DAMamba: Vision State Space Model with Dynamic Adaptive Scan

TL;DR

The paper tackles the challenge that vision state-space models (SSMs) have lagged behind CNNs and ViTs due to fixed, manually designed scanning patterns for 2D images. It introduces Dynamic Adaptive Scan (DAS), a data-driven mechanism that predicts patch coordinate offsets with an Offset Prediction Network and samples via bilinear interpolation to form input-dependent scan sequences, maintaining linear complexity . Built on DAS, the DAMamba backbone delivers strong results across ImageNet-1K, COCO, and ADE20K for classification, detection, and segmentation, outperforming prior vision SSMs and competing with leading CNNs and ViTs. The work demonstrates the power of adaptive scanning in vision SSMs, offering a flexible, efficient backbone that can serve diverse vision tasks and set new benchmarks for performance and efficiency.

Abstract

State space models (SSMs) have recently garnered significant attention in computer vision. However, due to the unique characteristics of image data, adapting SSMs from natural language processing to computer vision has not outperformed the state-of-the-art convolutional neural networks (CNNs) and Vision Transformers (ViTs). Existing vision SSMs primarily leverage manually designed scans to flatten image patches into sequences locally or globally. This approach disrupts the original semantic spatial adjacency of the image and lacks flexibility, making it difficult to capture complex image structures.

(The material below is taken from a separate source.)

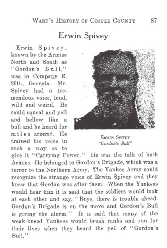 HISTORY OF PASCO COUNTYJames Irvin(g) (Ervin) Spivey (Spivy)Florida Baptist MinisterJune 17, 1837/38 - June 23, 1911Copyright by Judith R. Jolly 2012 - Used With PermissionSource Key: June 17, 1837. Birth in Thomas County, Georgia. Son of John Aaron Spivey and Martha Davis Spivey. (CSA-1902 claim; Ancestry) June 17, 1838. Birth in Thomas County, Georgia. Son of John Aaron Spivey and Martha Davis Spivey. (CSA-1909 claim; Ancestry; Other - www.findagrave.com) Sept. 1, 1843. Birth of Emily Ann Trowell (wife), daughter of Joseph Trowell and Emily Ann Ruth Trowell, South Carolina. (Other - Florida Death Certificate No. 10552, Emily Ann Spivey) (Other - www.findagrave.com) 1850. U.S. Census - Militia District 456, Appling, Georgia John Spivy, 34; Martha Spivy, 33; Irvin Spivy, 13; Effey E. Spivy, 8; Mariah Spivy, 6; Daniel P. Spivy, 4; Mathew Spivy, 1. (Ancestry) Apr. 1857. Marriage to Emily A. Trowell, Coffee County, Georgia. (CSA/W) April 18, 1861. Enlisted CSA at Waresboro, Georgia, Ware County, in Company Gordon’s Brigade, Company H, 13th Georgia Regiment (CSA 1902 claim). Company E, 26th Infantry Regiment, Georgia Volunteers. (CSA 1909 claim). May 10, 1862. Appointed 4th Corporal 26th Georgia (Other - Brantley Historical Society; www.rootsweb.ancestry.com/~gabrantl/roster-e3.html) 1864. Wounded at Lynchburg, Virginia. "I was shot in the right shoulder (minie ball) and wounded by a bomb shell in the right arm." (CSA) April 12, 1865. Discharged at Appomattox Court House, Virginia. (CSA) Jan. 1, 1875. "resided in state of Florida since January 1, 1875." (CSA) 1875. "Immediately after the war there was a rush of settlers . . . moving south. So came two brothers whose property in Coffee County, Georgia, had been destroyed by Sherman’s forces . . . John David and Irvin Spivey. Irvin Spivey had a most unusual voice with a unique carrying quality . . . General Gordon of the Confederacy discovered this. Bellowing like a bull, Irvin Spivey transmitted signals in code that could be heard for miles. The enemy learned that Gordon’s frequent devastating raids were in some way connected with this bellowing bull, and, unless they were well prepared, would avoid confrontation. On one occasion, the battle being joined, Gordon realized that his supply of ammunition was running out. He sent for young Spivey and said to him, 'If you have ever bellowed in your life, do it now. It is our last hope.' The enemy . . . retreated. 'The Bull' was given a citation and presented with a gold fountain pen engraved with his name and the date of that battle, September 4, 1864." John D. Spivey homesteaded and "called the place Oakdale." (Now the site of Zephyr Plaza on Hwy. 301 in Zephyrhills) He started a church, inviting ministers to preach. "When no preacher appeared, Irvin would read the Scriptures and lead discussions and prayers. He became so proficient at this that most Sabbath days found him leading services at Oakdale and nearby communities." The home became too small for the crowds, so they built an arbor in the woods. A building was then erected and used as a school and church until Lakeview Baptist Church was built. "The voice that had 'bellowed like a bull' in Virginia so shook the walls of their first building and the hearts and minds of the people with the spiritual fervor of the man that people came from miles around." These congregations are recognized as the early beginnings of FBC Zephyrhills. (RWT, The History of Zephyrhills 1821-1921) Dec. 24, 1876. Arrival in Florida, per Mrs. Spivey. (CSA/W) 1880. U.S. Census - Precinct 8 and 10, Hernando, Florida. J.I. Spivey, 41, farmer; Emily Spivey, 37. (Ancestry) 1882. "We notice that the Sand Hill church desires the ordination of brother J.I. Spivy to the ministerial office, we would advise that church to consult a Presbytery of ministers in regard thereto." (Other - 1882 South Florida Baptist Association Minutes, page 5) 1882. Pastor of Double Branch Baptist Church (Other - church records) 1885. Systematic Benevolence & Temperance committees; Ltr of Correspondence to SFBA, Manatee, Alachua, Wekiwa Assns. OM w/Dade City address (HBA) 1886. Served "4 months 14 days" as missionary for HBA ". . . designate and maintain a missionary to labor in the destitute parts of this association . . advisable to appoint Elder J.J. (I.) Spivy who was about to engage in the work of a colporteur in South Florida. . . Brother Spivy resigned on the 12th of April . . . difficulty of raising sufficient funds for his support. We subjoin a report of his work: Number miles traveled 696; Sermons preached 34; Prayers offered 96; Religious visits 58; Baptized 3; Waiting Baptism 1; Collected $25; Time 4 months 14 days. Received of Mission B(oard) $55.50." (HBA) 1886. Ordained Minister w/Tampa address; Family Worship Committee. Pastor of New Zion Baptist Church, Hillsborough County. (HBA) Feb. 2, 1887. Performed marriage of Thomas Fisher and Delila Walker. (Other - USF digitized Hillsborough County marriage records). 1887. Temperance Committee Chairman; Ordained Minister w/Keystone Park, Florida address. Pastor of Pleasant Hill Baptist Church (petitionary church, Pasco County). Pastor of New Zion Baptist Church, Hillsborough County. (HBA) May 9, 1888. Performed marriage of Simon J. Gant and Ada J. McCarty. (Other - USF digitized Hillsborough County marriage records). May 28, 1888. Performed marriage of Nicholas O. Waller and Sophronia Newbury. (Other - USF digitized Hillsborough County marriage records). June 10, 1888. Performed marriage of Green W. Robles and Emmaus E. Strickland. (Other - USF digitized Hillsborough County marriage records). 1888. Temperance Committee. Ordained Minister w/Magdalene address (Hillsborough). Pastor of Pleasant Hill Baptist Church, Pasco County. Pastor of Withlacoochee Baptist Church, Pasco County. (PBA) June 30, 1889. Performed marriage of James Jonathan Jackson and Eugenia Strickland. (Other - USF digitized Hillsborough County marriage records). 1889. Or

To address this limitation, we propose Dynamic Adaptive Scan (DAS), a data-driven method that adaptively allocates scanning orders and regions. This enables more flexible modeling capabilities while maintaining linear computational complexity and global modeling capacity. Based on DAS, we further propose the vision backbone DAMamba, which significantly outperforms current state-of-the-art vision Mamba models in vision tasks such as image classification, object detection, instance segmentation, and semantic segmentation. Notably, it surpasses some of the latest state-of-the-art CNNs and ViTs. Code will be available at https://github.com/ltzovo/DAMamba.

Paper Structure

This paper contains 16 sections, 11 equations, 5 figures, 5 tables.

Figures (5)

  • Figure 1: The trade-off between ImageNet-1K top-1 accuracy and inference throughput. All the models are trained under the DeiT training hyperparameters. The inference throughput is measured on an NVIDIA RTX 3090 GPU with a batch size 128. It can be seen that under the same inference throughput or accuracy, the accuracy or inference throughput of the proposed DAMamba significantly outperforms the SSMs, ViTs and CNNs, indicating that the proposed DAMamba achieves state-of-the-art performance and efficiency.
  • Figure 2: Illustration of different scanning methods in vision state space models. As showed in Figure (a), (b), and (c): previous methods such as Vim vim, VMamba vmamba, PlainMamba plainmamba, and LocalMamba localmamba relies on manually designed global or local scanning methods. These fixed processing approaches lack flexibility and struggle to capture complex image structures. In the Figure (d), we propose a novel scanning method that adaptively allocates scanning order and regions through a data-driven approach. This not only achieves more flexible modeling capabilities but also maintains Mamba's linear computational complexity and global modeling capacity.
  • Figure 3: Illustration of the proposed Dynamic Adaptive Scan (DAS). For clarity, only four reference points are shown. Left: each initial reference point represents the original position of a patch, with its offsets learned by an Offset Prediction Network (OPN). Features of important regions are sampled based on the predicted 2D coordinates using bilinear interpolation. Right the detailed structure of the OPN is revealed. The query feature map is first transformed through depthwise convolution depsconvdepsconv2 to integrate local information. Then, another linear layer, after layer normalization layernorm and GELU gelu activation, converts the feature map into offset values.
  • Figure 4: Left: The overall architecture of the proposed DAMamba, refer to Table \ref{['tab:arch']} for configurations. Right: Details of an DAMamba Block.
  • Figure 5: Visualization of the Dynamic Adaptive Scan, where the blue pentagram represents the start of the scan and the blue circle represents the end of the scan.